A Fistful of Rupees By Vincent Luhar 

Arjun Dharma looked at the immense wall. It towered high above him,
disappearing into the grey sky. It seemed to stretch forever to the 
left and the right. No one else was around. The peace and silence was 
uncanny. There wasn't even any wind; the air was still, unmoving. 

He walked slowly to the wall and realised it wasn't made of bricks or
stone but instead of tiny pieces of folded paper. A multitude of 
colours and textures greeted him as he reached out and placed a small 
hand on the rough surface. It hummed and shimmered upon his touch, 
almost as if it was sentient, aware of his presence. 

Arjun took in a deep breath, let it out slowly and then retrieved a
small folded scrap of old newspaper from his battered shorts pocket. 
There must be billions or maybe even trillions of prayers all stacked 
high. With a trembling hand he lifted the newspaper scrap to the wall 
and teased it into a crack. 

Suddenly a truck horn blared in his ears jolting him. Someone screamed
an obscenity at Arjun and swerved his truck impatiently around the 
cycle rickshaw Arjun was sitting on. He found himself once again 
sitting in heavy traffic on the streets of the holy city of Lord Shiva, 
Varanasi, India. Arjun shook his head, the truck driver had managed to 
gain a few feet in front of him and come to a stand still. He glared at 
him in the wing mirror as if it was Arjun's fault he was unable to move 
any further. Arjun shrugged his shoulders, business as usual in India. 

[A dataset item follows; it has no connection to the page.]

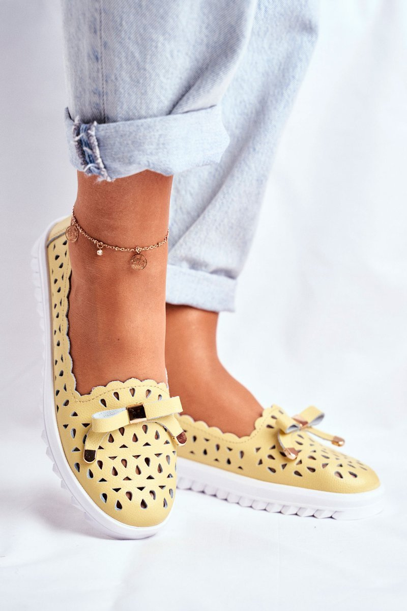 Mokasyny Damskie Skórzane Ażurowe LR71515 Żółte Murrieta

People were sounding their car horns all around him but the traffic
didn't seem to be moving any quicker. Arjun peered ahead and noticed 
two cows were slowly making their way against the traffic. People were 
getting mad and shouting and screaming but it made no difference to 
these animals, in a country where cows were worshipped as living Gods 
there wasn't really anything that could be done to change their paths. 
The people would just have to wait until they passed or find another 
route to their final destination. 

‘Ill get off here,' said the irate passenger and handed Arjun a coin. He
stepped off the cycle rickshaw and was soon lost in the busy street. 
Arjun tipped his baseball cap like he had seen the cowboys of the old 
westerns do on late night reruns and pocketed the cash. He got off the 
rickshaw and then wheeled it away from the busy road. 

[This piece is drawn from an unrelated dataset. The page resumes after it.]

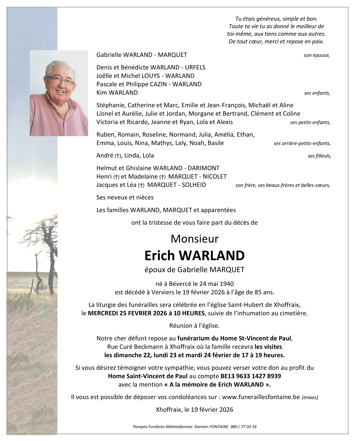 Fallecido en Verviers (4800) el jueves, 19 de febrero de 2026 a la edad de 85 años

He couldn't wait for the Monsoon season to start, people will definitely
cool down then. Once away from the hustle and bustle of the crowd he 
climbed back on his rickshaw and brought his cap down over his eyes. 
Sleep came quick and soon he started to snore. 

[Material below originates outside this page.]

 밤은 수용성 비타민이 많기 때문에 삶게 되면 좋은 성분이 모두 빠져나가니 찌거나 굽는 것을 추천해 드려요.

‘Have you gone deaf boy!' said a rude man who had climbed into Arjun's
rickshaw. 

Arjun lifted his cap and turned to stare at the passenger. He was of
slight build, wiry like a runner with short cropped hair. He held a 
slim battered briefcase that had seen better days close to his chest. 
Arjun smiled and said, ‘where to uncle?' 

‘Drop me off near the Pyare-lal Private hospital, and make it quick.' 

Arjun shuddered; a chill went down his spine, despite the baking heat.
Going to the hospital meant riding past the Burning Ghats. The city of 
Varanasi was famous throughout India for its close proximity to the 
Holy River, The Ganges. Various Ghats where located along the banks 
where the people came to swim and bath in the life giving waters. 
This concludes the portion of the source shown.